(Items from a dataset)
——

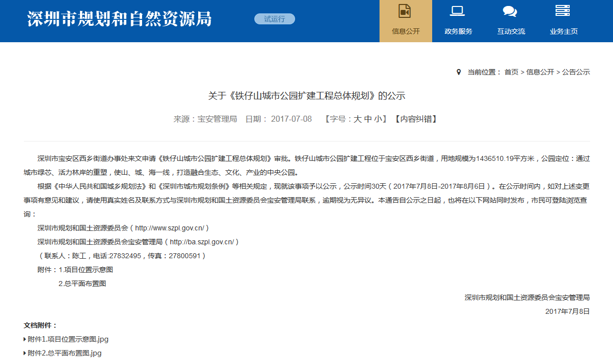 早在2017年,當(dāng)時的市規(guī)土委曾經(jīng)在官方網(wǎng)站發(fā)布了《關(guān)于<鐵仔山城市公園擴建工程總體規(guī)劃>的公示》:深圳市寶安區(qū)西鄉(xiāng)街道辦事處來文申請《鐵仔山城市公園擴建工程總體規(guī)劃》審批。鐵仔山城市公園擴建工程位于寶安區(qū)西鄉(xiāng)街道,用地規(guī)模為1436510.19平方米,公園定位:通過城市綠芯、活力林岸的重塑,使山、城、海一線,打造融合生態(tài)、文化、產(chǎn)業(yè)的中央公園。
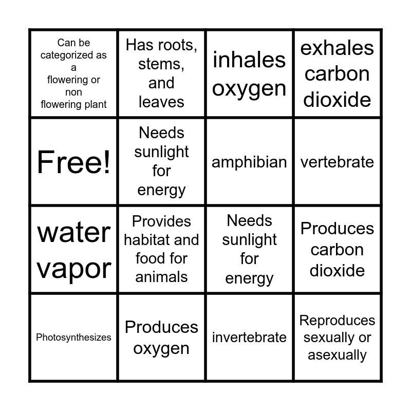 This bingo card has 16 words: Produces oxygen, Produces carbon dioxide, inhales oxygen, Can be categorized as a flowering or non flowering plant, water vapor, Has roots, stems, and leaves, Needs sunlight for energy, invertebrate, Free!, Needs sunlight for energy, Photosynthesizes, exhales carbon dioxide, Provides habitat and food for animals, vertebrate, amphibian and Reproduces sexually or asexually.
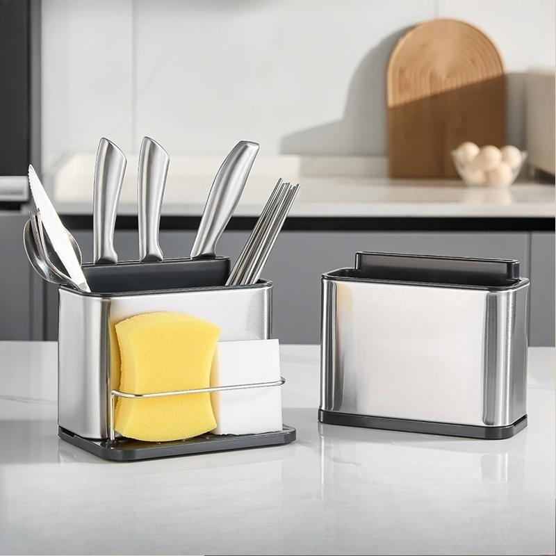 Stainless Steel Kitchen Utensil Storage Rack Kitchen Countertop Cutlery Drainer Sponge Holder
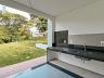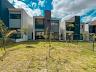 Área externa: parte coberta com cuba e bancada, podendo ser um espaço gourmet ou lavanderia e amplo quintal gramado descoberto. Horta orgânica individual na lateral da casa, com pergolado.
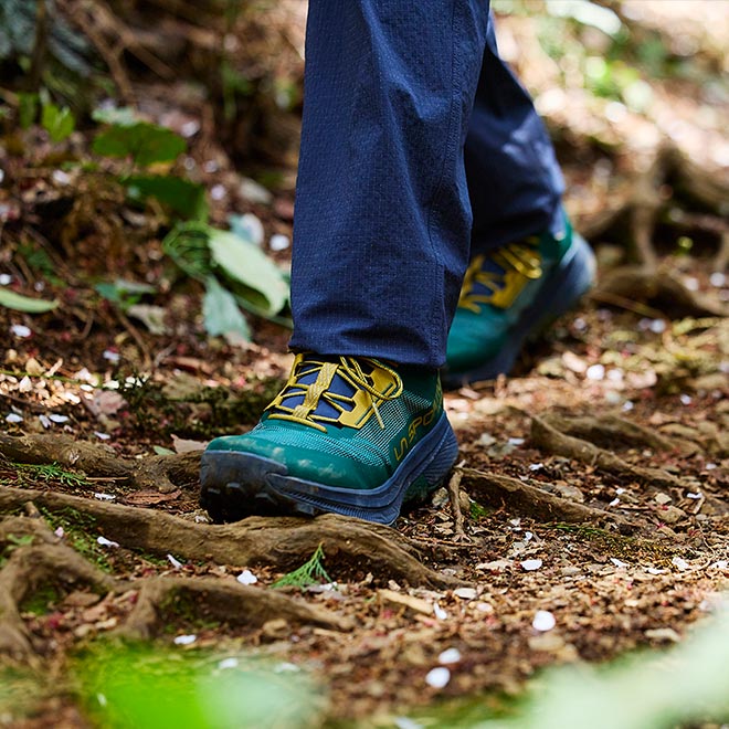 整備された登山道から岩場や木の根が張り出した不安定なトレイルまで、さまざまなトレイルシーンにたしかなグリップ力で対応する。
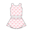 Sleeveless pink bow plaid top skirt kids girls active wear
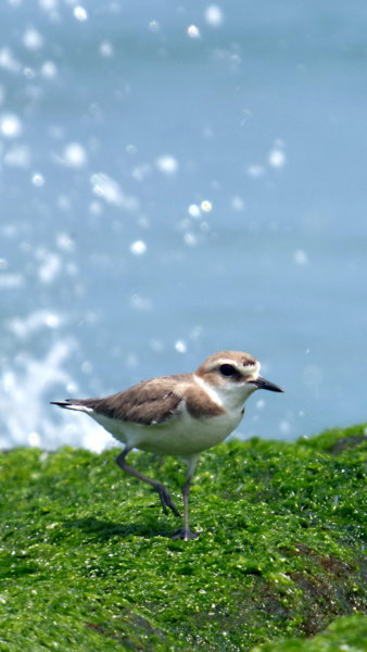 這一隻在浪邊跑來跑去的覓食,浪來了,牠也是跑給浪追,但也是被浪打到好幾次,不過牠似乎不甚在乎.
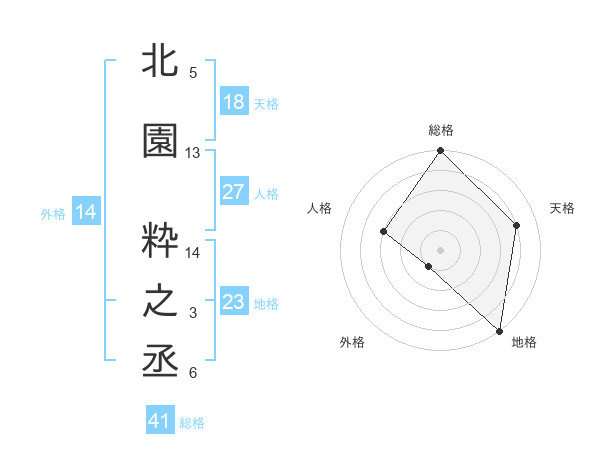 北園 粋之丞さんの総格は41画の5点!

——

Aim of the exercise: Retype the records verbatim, excluding each image they hold.

Answer to this problem:
 早在2017年,當(dāng)時的市規(guī)土委曾經(jīng)在官方網(wǎng)站發(fā)布了《關(guān)于<鐵仔山城市公園擴建工程總體規(guī)劃>的公示》:深圳市寶安區(qū)西鄉(xiāng)街道辦事處來文申請《鐵仔山城市公園擴建工程總體規(guī)劃》審批。鐵仔山城市公園擴建工程位于寶安區(qū)西鄉(xiāng)街道,用地規(guī)模為1436510.19平方米,公園定位:通過城市綠芯、活力林岸的重塑,使山、城、海一線,打造融合生態(tài)、文化、產(chǎn)業(yè)的中央公園。
 This bingo card has 16 words: Produces oxygen, Produces carbon dioxide, inhales oxygen, Can be categorized as a flowering or non flowering plant, water vapor, Has roots, stems, and leaves, Needs sunlight for energy, invertebrate, Free!, Needs sunlight for energy, Photosynthesizes, exhales carbon dioxide, Provides habitat and food for animals, vertebrate, amphibian and Reproduces sexually or asexually.
 Stainless Steel Kitchen Utensil Storage Rack Kitchen Countertop Cutlery Drainer Sponge Holder
 Área externa: parte coberta com cuba e bancada, podendo ser um espaço gourmet ou lavanderia e amplo quintal gramado descoberto. Horta orgânica individual na lateral da casa, com pergolado.
 整備された登山道から岩場や木の根が張り出した不安定なトレイルまで、さまざまなトレイルシーンにたしかなグリップ力で対応する。
 Sleeveless pink bow plaid top skirt kids girls active wear
 這一隻在浪邊跑來跑去的覓食,浪來了,牠也是跑給浪追,但也是被浪打到好幾次,不過牠似乎不甚在乎.
 北園 粋之丞さんの総格は41画の5点!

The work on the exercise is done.